Correct Answer - Option 3 : 1:3
Concept:
Section Formula: Section formula is used to determine the coordinate of a point that divides a line into two parts such that ratio of their length is m : n
1. Let P and Q be the given two points (x1, y1, z1) and (x2, y2, z2) respectively and M(x, y, z) be the point dividing the line segment PQ internally in the ratio m: n
2. Internal Section Formula: When the line segment is divided internally in the ration m: n, we use this formula.\(\rm (x, y, z)=(\frac{mx_2+nx_1}{m+n}, \frac{my_2+ny_1}{m+n}, \frac{mz_2+nz_1}{m+n})\)
Calculation:
Let AB be divided by the plane at R in the ratio k:1,
Then, coordinates of R are (\(\rm (\frac{3k+1}{k+1},\frac{k+2}{k+1},\frac{2k+3}{k+1})\))

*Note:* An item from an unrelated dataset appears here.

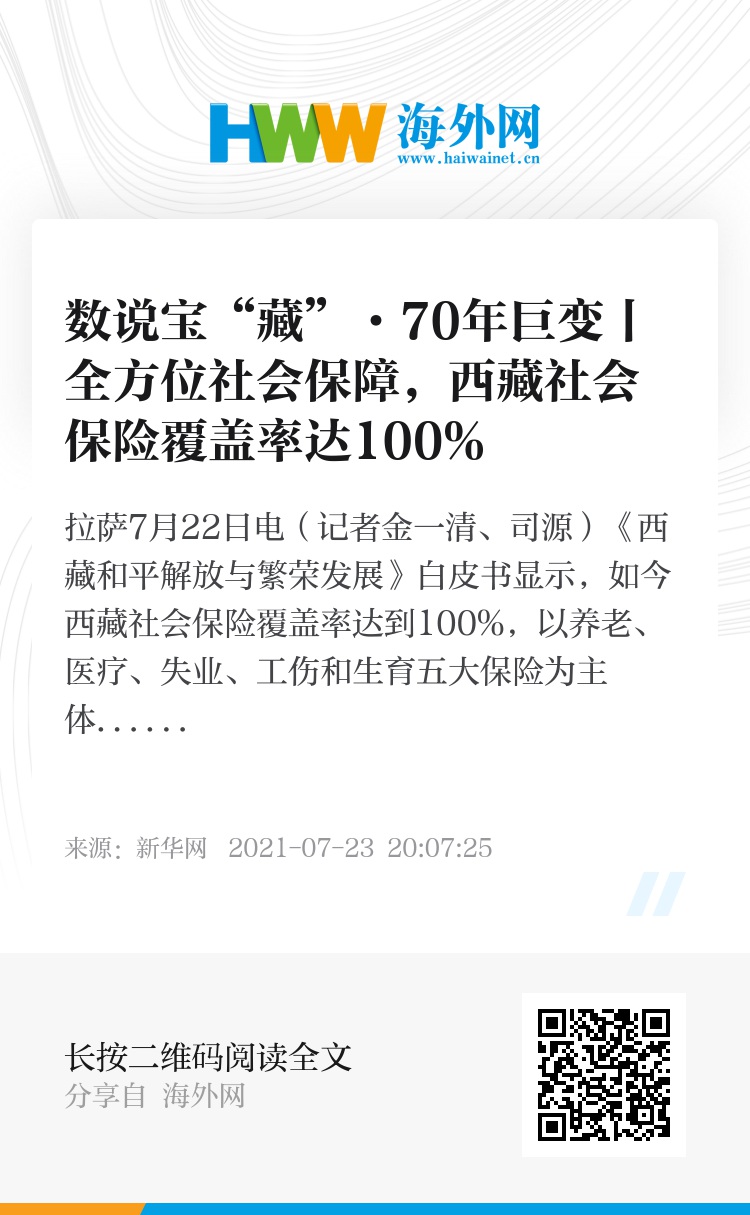 新华社拉萨7月22日电(记者金一清、司源)《西藏和平解放与繁荣发展》白皮书显示,如今西藏社会保险覆盖率达到100%,以养老、医疗、失业、工伤和生育五大保险为主体的覆盖城乡全体居民的社会保障体系全面建立,西藏各族人民群众生活得到有效保障。

Now, R lies on the plane , so this point must satisfy the equation 2x - y + z = 4
∴ \(\rm \frac{6k+2}{k+1}-\frac{k+2}{k+1}+\frac{2k+3}{k+1}=4\)
\(\rm ⇒ \frac{7k+3}{k+1}=4\)
⇒ 7k + 3 = 4k + 4
⇒ 3k = 1
⇒ k = 1/3
So, the ratio is \(\frac1 3 : 1\)= 1:3
Hence, option (3) is correct.